Only the pictures stay out; every record is to be quoted exactly.

### Input for this task
******************************

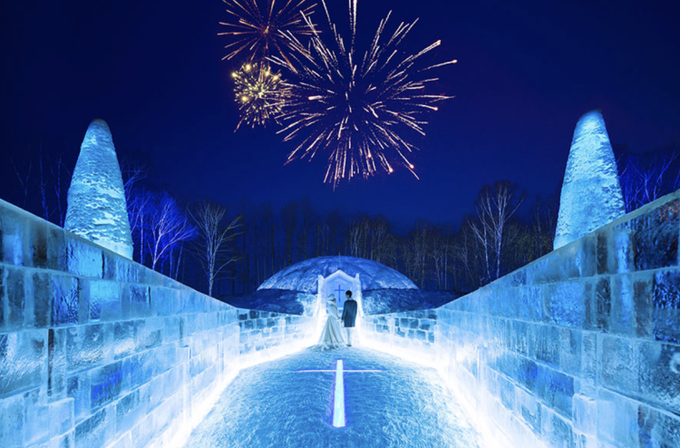 「2人の純粋な気持ちが、途切れなく続く」という想いを込め、継ぎ目 のない一枚氷で造られるのが氷の教会です。祭壇、十字架、バージンロー ド、イスなどすべてが氷と雪でできています。
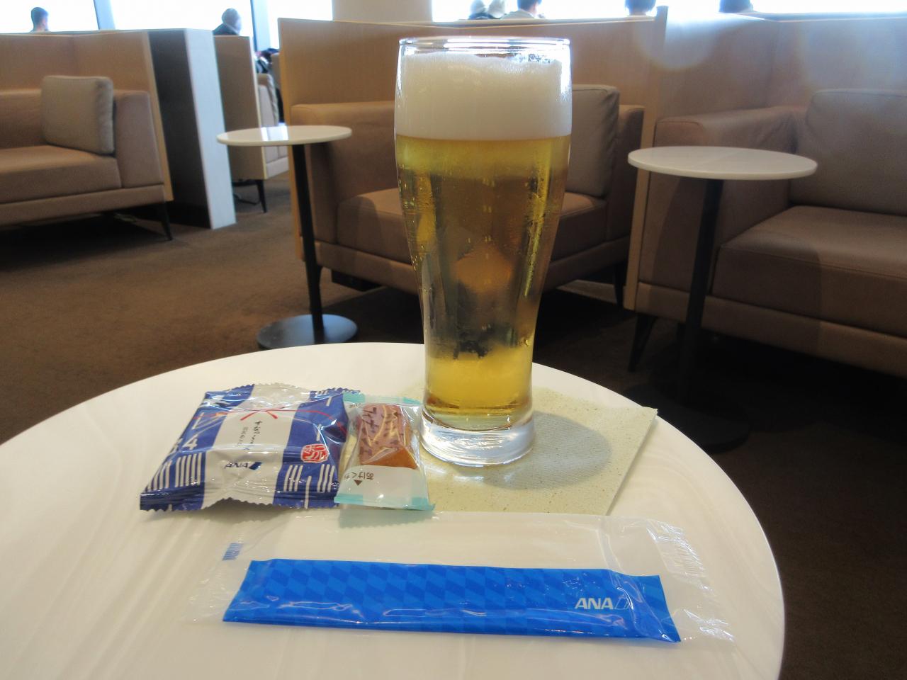 このラウンジはノンアルコールビールがありました。なので、私もおつまみとビール!もどき。
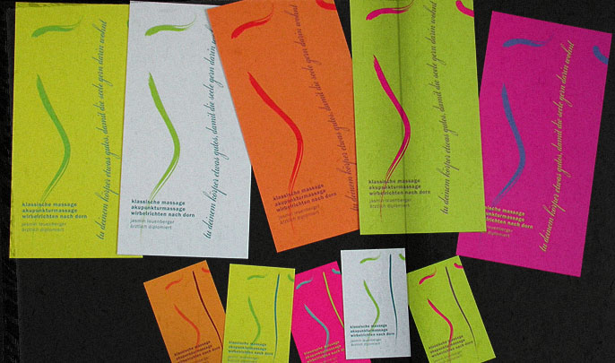 Kartenserien für eine Massagepraxis. Werbekarten, Neujahrskarten Visitenkarten und Gutscheine. Konzept, Gestaltung und Illustrationen.
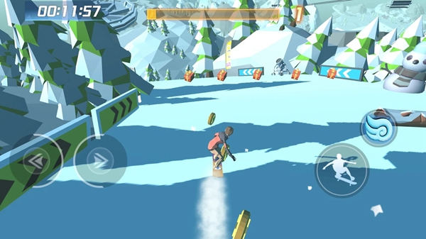 3、关卡的种类有很多,就每一个赛道中的场景都不一样,你需要找到滑雪的规律与技巧才行。
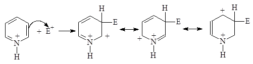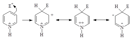 Возникающий пиридиний - катион чрезвычайно нереакционноспособен по отношению к электрофильным реагентам из-за своего положительного заряда на атоме азота.
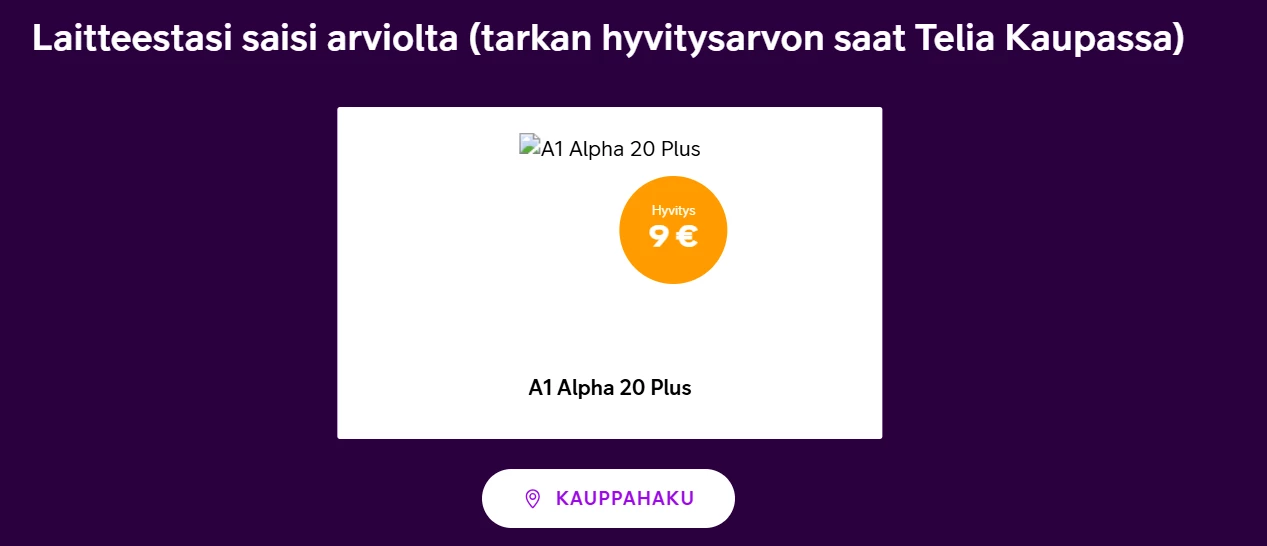 Telia lupaa vanhasta puhelimesta kierrätysedun kun ostaa uuden laitteen: “Kierrättämällä saat aina etua”, “Vanha puhelimesi on kirjaimellisesti kullan arvoinen”. Ostin sitten Telian liikkeestä Honor 400 5G puhelimen toukokuun lopussa ja tarjosin vaihtoehtona kierrätysetuun joko Huawei tai Nokia älypuhelinta, kumpikin ehjiä mutta vanhoja toki. Myyjä tarkasti kummastakin IMEI-koodin ja valitteli ettei nämä ole hänen listallaan kierrätysetua varten. Nyt huomasin Telian sivuilla laskurin, jonka mukaan kumpikin laite olisi ollut 9 euron kierrätysedun arvoinen. Tietysti laskurin tuloksessa lukee isolla kirjoitettuna “Laitteestasi saisi arviolta (tarkan hyvitysarvon saat Telia Kaupassa)” Eli tarkka arvio Telia kaupassa oli pyöreä 0 euroa kummallekin laitteelle! Onko Telian kierrätyskampanja taas kerran vain suuri sumutus?
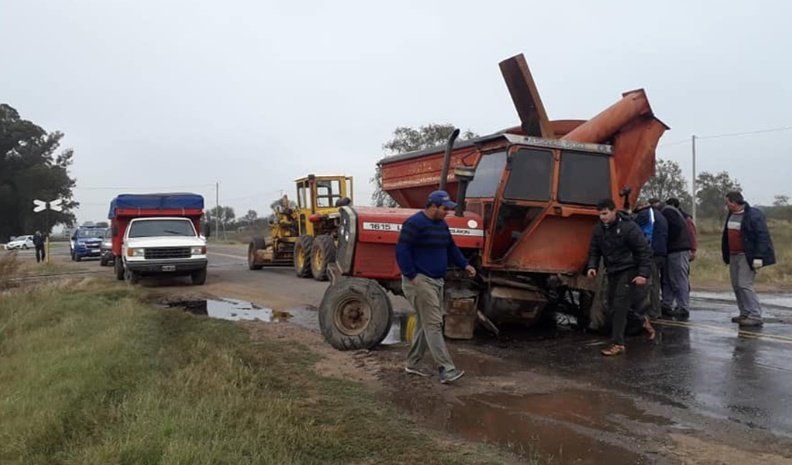 Por causas que son investigadas, un camión Mercedes Benz L1521/48 embistió contra un tractor Massey Ferguson 1615, al que le arrancó una de las ruedas traseras.
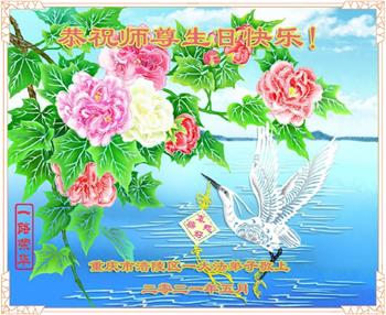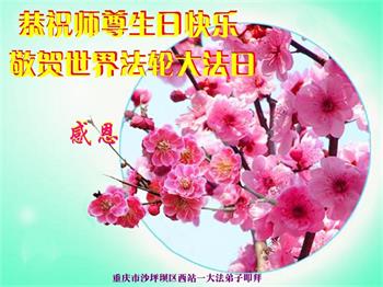 重庆市沙坪坝大法弟子敬上 重庆市沙坪坝区西站一大法弟子恭祝慈悲伟大的师尊生日快乐!
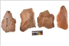 | Description / विवरण | Four worked flakes with sharp edges. Some of them are tapering at one end. |
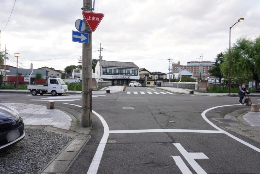 お店を正面に見て、右がすぐ川端通りで開運橋があり、荘内病院方向↓
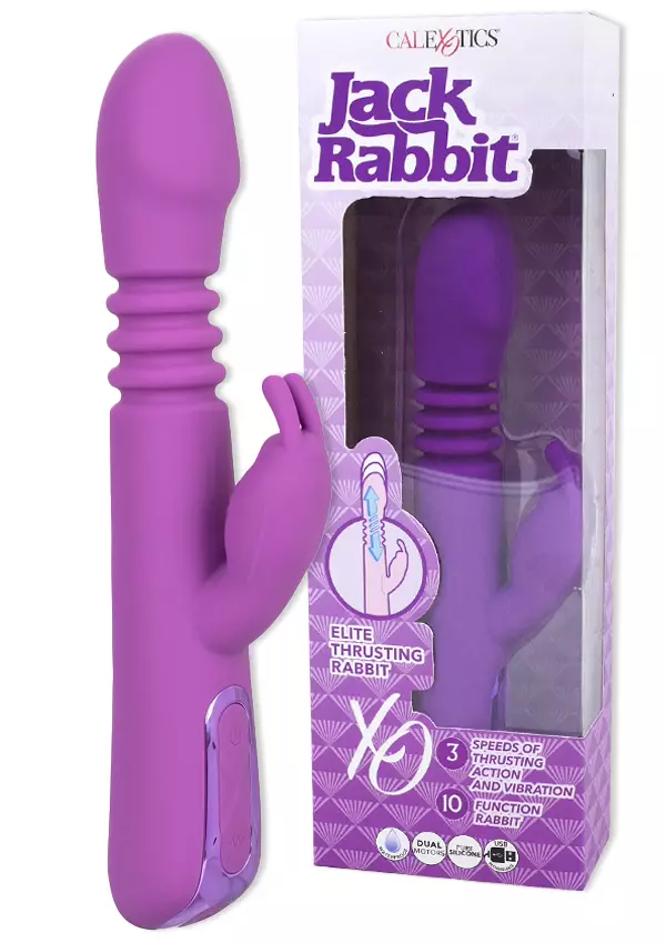Elite Thrusting Rabbit Pupuvibraattori työntyy sisääsi ja pupu viimeistelee nautinnon! Hieromasauvan pinta tuntuu ihanan samettiselta ja pupu taipuu muotojesi mukaan. Sauvan kärki tekee edestakaista liikettä kymmenellä eri rytmillä. Klitoriskiihotinpupu sykkii ja värisee myöskin kymmenellä eri rytmillä ja on todella tehokas! Käynnistä hierovasauva virtanapista. Sen alapuolelta saat pupun värisemään ja pohjassa olevasta napista saat pulsaattorin ohjelmia vaihdettua. Elite Thrusting Rabbit Pupuvibraattori on vesitiivis, joten voit leikkiä vaikka kylvyssä!

******************************

### Exercise answer
 「2人の純粋な気持ちが、途切れなく続く」という想いを込め、継ぎ目 のない一枚氷で造られるのが氷の教会です。祭壇、十字架、バージンロー ド、イスなどすべてが氷と雪でできています。
 このラウンジはノンアルコールビールがありました。なので、私もおつまみとビール!もどき。
 Kartenserien für eine Massagepraxis. Werbekarten, Neujahrskarten Visitenkarten und Gutscheine. Konzept, Gestaltung und Illustrationen.
 3、关卡的种类有很多,就每一个赛道中的场景都不一样,你需要找到滑雪的规律与技巧才行。
 Возникающий пиридиний - катион чрезвычайно нереакционноспособен по отношению к электрофильным реагентам из-за своего положительного заряда на атоме азота.
 Telia lupaa vanhasta puhelimesta kierrätysedun kun ostaa uuden laitteen: “Kierrättämällä saat aina etua”, “Vanha puhelimesi on kirjaimellisesti kullan arvoinen”. Ostin sitten Telian liikkeestä Honor 400 5G puhelimen toukokuun lopussa ja tarjosin vaihtoehtona kierrätysetuun joko Huawei tai Nokia älypuhelinta, kumpikin ehjiä mutta vanhoja toki. Myyjä tarkasti kummastakin IMEI-koodin ja valitteli ettei nämä ole hänen listallaan kierrätysetua varten. Nyt huomasin Telian sivuilla laskurin, jonka mukaan kumpikin laite olisi ollut 9 euron kierrätysedun arvoinen. Tietysti laskurin tuloksessa lukee isolla kirjoitettuna “Laitteestasi saisi arviolta (tarkan hyvitysarvon saat Telia Kaupassa)” Eli tarkka arvio Telia kaupassa oli pyöreä 0 euroa kummallekin laitteelle! Onko Telian kierrätyskampanja taas kerran vain suuri sumutus?
 Por causas que son investigadas, un camión Mercedes Benz L1521/48 embistió contra un tractor Massey Ferguson 1615, al que le arrancó una de las ruedas traseras.
 重庆市沙坪坝大法弟子敬上 重庆市沙坪坝区西站一大法弟子恭祝慈悲伟大的师尊生日快乐!
 | Description / विवरण | Four worked flakes with sharp edges. Some of them are tapering at one end. |
 お店を正面に見て、右がすぐ川端通りで開運橋があり、荘内病院方向↓
Elite Thrusting Rabbit Pupuvibraattori työntyy sisääsi ja pupu viimeistelee nautinnon! Hieromasauvan pinta tuntuu ihanan samettiselta ja pupu taipuu muotojesi mukaan. Sauvan kärki tekee edestakaista liikettä kymmenellä eri rytmillä. Klitoriskiihotinpupu sykkii ja värisee myöskin kymmenellä eri rytmillä ja on todella tehokas! Käynnistä hierovasauva virtanapista. Sen alapuolelta saat pupun värisemään ja pohjassa olevasta napista saat pulsaattorin ohjelmia vaihdettua. Elite Thrusting Rabbit Pupuvibraattori on vesitiivis, joten voit leikkiä vaikka kylvyssä!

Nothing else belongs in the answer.